Adaptation of human enteric coronavirus to growth in cell lines

Abstract

Background: The existence of human enteric coronavirus (HEC) has been debated since its first description in stool by electron microscopy (EM) in 1975. Needed to resolve the issue is its cultivation in readily available cell lines.

Objectives: To grow HEC in cell lines. To describe its characteristics and to differentiate it from other human and animal coronaviruses.

Study design: Originally grown in human fetal intestinal organ culture, HEC was passed in J774 cells (a mouse macrophage cell line) and C6/36 cells (a mosquito cell line). Its cytopathic effect (CPE) and pattern of immunofluorescence were described. Its appearance was ascertained by negative staining and transmission EM. Its structural proteins were delineated by polyacrylamide gel electrophoresis (PAGE) and Western blotting (WB). The antigenic character of the virus was determined by immunofluorescence and WB. Agglutination with mouse erythrocytes was performed.

Results: In J774 cells, HEC induced the formation of giant cells and small syncytia. Immunofluorescence in both J774 and C6/36 cells was limited to the cytoplasm. Studies with transmission EM revealed the virus to have the typical appearance of other coronaviruses, to be 80-120 nm in diameter, and to bud into cysternae of the endoplasmic reticulum. By PAGE and WB, its major protein has an average molecular weight (MW) of 41 kilodaltons (kDa). Two other proteins had MWs of 190 and 24 kDa. By immunofluorescence and WB, HEC is antigenically distinct from human coronaviruses 0C43 and 229E and mouse hepatitis virus (A59 strain). Preparations of HEC did not agglutinate mouse erythrocytes.
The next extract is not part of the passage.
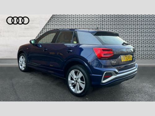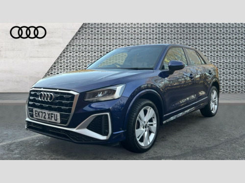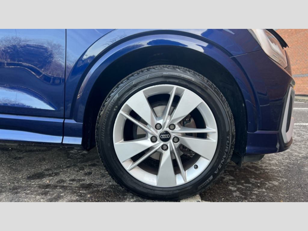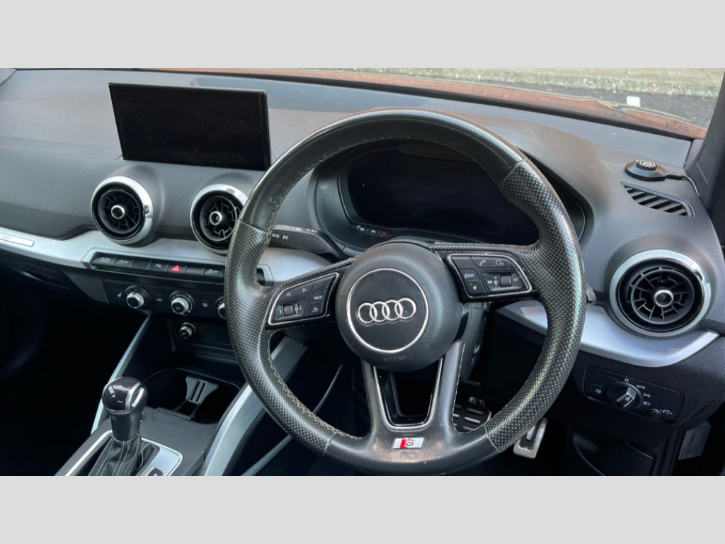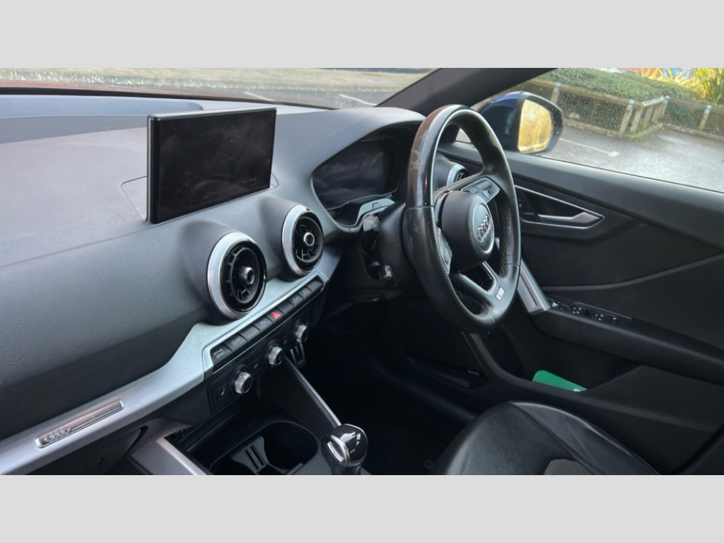 Audi Q2 35 TFSI S Line 5dr S Tronic Audi connect navigation and infotainment includes innovative services, Audi connect remote and control connects your vehicle to your smartphone, Audi drive select - Power steering assistance + engine + gearshift, Audi drive select with efficiency, Audi smartphone interface, Audi virtual cockpit, Automatic start/stop system with recuperation, Bluetooth interface includes bluetooth audio streaming, Cruise control, E-call, MMI navigation plus with MMI touch, Power operated tailgate, Progressive steering, Rear parking sensors, 2 x SDXC card reader, 6 passive loudspeakers, DAB Digital radio, DVD Drive, Auto dimming rear view mirror, Black window trims, Electrically adjustable, folding, auto dimming and heated door mirrors with integrated LED side indicators, Front windscreen with grey tinted sunband, LED daytime running lights, LED headlights with LED rear lights, LED third brake light, Rear side wing doors, Rear wiper, S Line badges on the front wings, S Line body styling - front and rear bumpers, side skirts, radiator grille, rear diffuser insert and front air intakes, Variable front intermittent wipers, Wheel arch trims in manhattan grey, 12V socket in front, 3 seat bench in 2nd row, 4-way electric lumbar support for front seats including seat height adjustment for both front seat, 60/40 split folding rear seat bench, Black cloth headlining, Front and rear head restraints, Front centre armrest, Front/rear floor mats, Height/reach adjust steering wheel, Illuminated door sill trims with S logo, ISOFIX child seat mounting in front passenger and rear outer seats, Single front passenger seat, Stainless steel pedals, 3x3 point rear seatbelts, 6 airbags - Front, curtain and front side airbags, Electromechanical parking brake, Electronic stabilisation control including ABS, ASR and EDL, Front passenger airbag deactivation, Hill hold assist, Pre-sense front with pedestrian recognition, Seatbelt monitoring, Tyre pressure warning light, Warning triangle and first aid kit, Anti theft alarm, Anti theft wheel bolts, Electronically operated child locks, Remote central door locking, Aluminium interior element, Matt brushed aluminium trim inlays, Tool kit
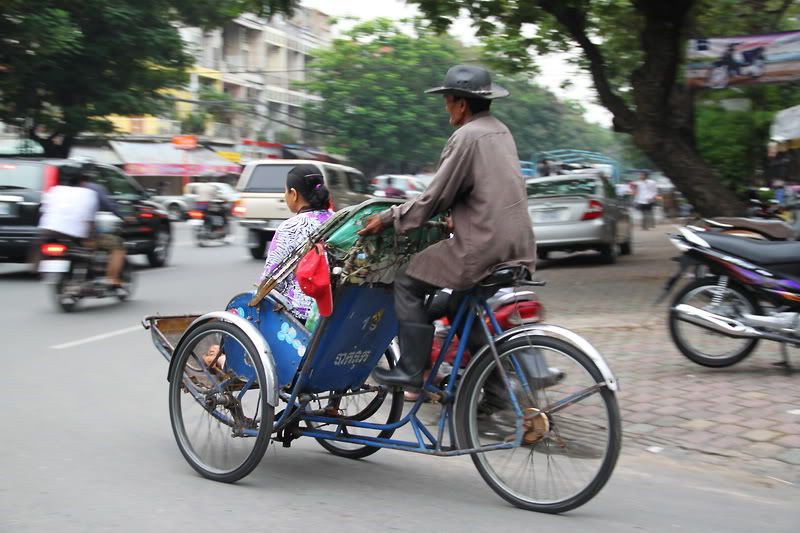 48. камбоджийский велорикша катит своего пассажира впереди себя, совсем не так, как в Индии.

Conclusion: We conclude that HEC is a human coronavirus that is antigenically unrelated to 0C43 and 229E viruses. Growth of HEC in readily available cell lines should aid in elucidating its role as a pathogen in human diarrheal illnesses.

Fig. 1

Transmission electron microscopy of infected J774 cells. The picture is at a magnification of 112 500.

Fig. 2

CVLPs from negatively stained resuspended pellets prepared from supernatants of infected cells. Row 1, frames 1 and 2: J774 cells. Row 1, frame 3, row 2, frame 1: C6/36 cells. Row 2, frames 2 and 3: pooled supernatants from J774 and C6/36 cells at 13 and 20 days after inoculation of virus seed stock.

Fig. 3

PAGE of PEG precipitate centrifuged on a 20–60% sucrose gradient at 130 000 g for 18 h at 4°C and silver stained. The column on the right was from a band at mid-gradient; the column to the left was from a band just above mid-gradient.

Fig. 4

Western blot of OC43 antigen and various antisera. Note that OC43 and A N antisera stain the major protein N at 49 kDa whereas Patient 1 (Ig and IgM) does not nor does antiserum to 229E.

Fig. 5

Western blot of 229E antigen and various antisera. Note that 229E antiserum stains the major protein N at or around 49 kDa but this protein is not stained by antisera to OC43, A N or from Patient 1 (Ig).

Fig. 6

Western blot of HEC preparations from J774 cells. Note patient reactions to the major protein centering at 41 kDa where antisera to 229E, OC43, and α N do not stain this protein. PT3, IgM* represents a serum specimen obtained from patient 3 at a later date.

Fig. 7

Western blot of HEC purified from infected C6/36 cells and human immune IgM positive antisera. Sera from these patients (Ig) stained the cytoplasm of infected C6/36 cells but antisera to OC43 and 229E viruses did not.